Haemophilus
General: There are strain-specific and species-specific proteins in the outer membrane.
Clinical: Nonencapsulated species/strains do not usually cause sepsis, but encapsulated species/strains do. Some also produce IgA1 protease, facilitating mucosal colonization. Use of a conjugated vaccine to capsular antigens (polyribitol phosphate (PRP)) has dramatically reduced the incidence of significant infection (esp. Haemophilus influenzae).
- Normal: Usually found on mucous membranes of humans; typically colonize the upper respiratory tract within the first months of life.
- Abnormal: Commonly cause otitis media, sinusitis, conjunctivitis, bronchitis, and pneumonia; less commonly but significantly cause meningitis, endocarditis, epiglottitis, arthritis, or cellulitis.
Resistance: About 30% of H. influenzae are resistant to ampicillin.
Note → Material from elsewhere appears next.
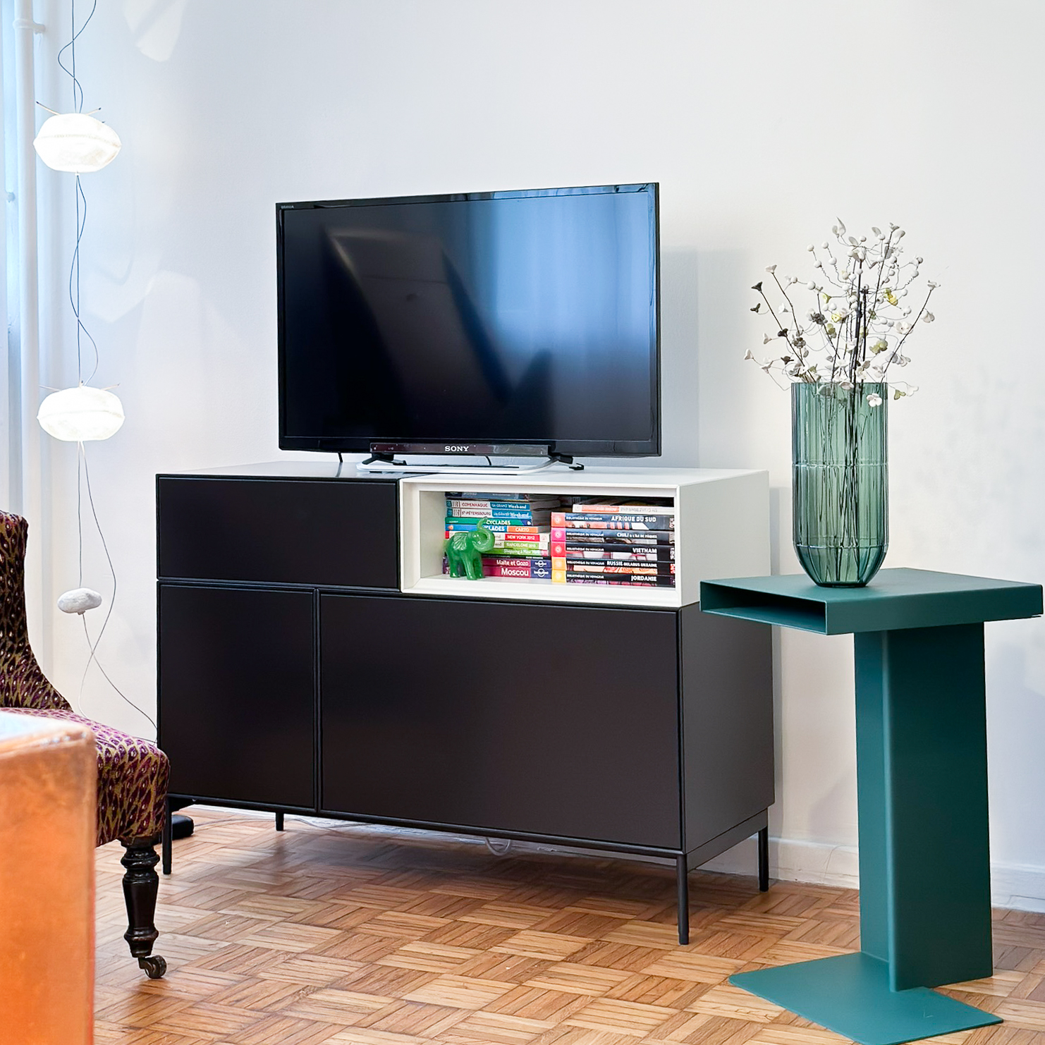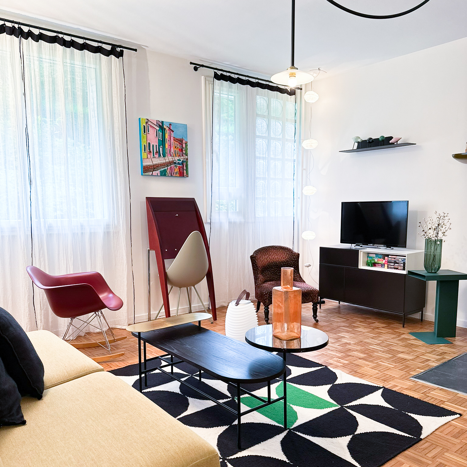 Redonner un nouveau souffle à un appartement du centre-ville de Nogent s/marne à forte personnalité tout en respectant l’esprit du lieu. Amener modernité et design par une sélection de mobiliers et luminaires s’harmonisant à une très belle collection d’articles de décoration issus de l’artisanat d’art.

Most H. ducreyi are susceptible to erythromycin, its recommended treatment.
Morphology: Typically are small Gram- rods, but may be pleomorphic and appear filamentous or coccobacillary.
Growth characteristics: Most species require growth media supplemented with either/both: 1) Hemin (X factor), 2) Nicotinamide adenine dinucleotide (NAD, V factor). Usually chocolate agar is used, as blood agar contains NAD inhibitors. CSF specimens should be >=1mL for microscopy, culture, and antigen detection.
Common/important pathogens:
- Actinobacillus actinomycetemcomitans (strictly speaking it is in genus Haemophilus, but remains traditionally in Actinobacillus)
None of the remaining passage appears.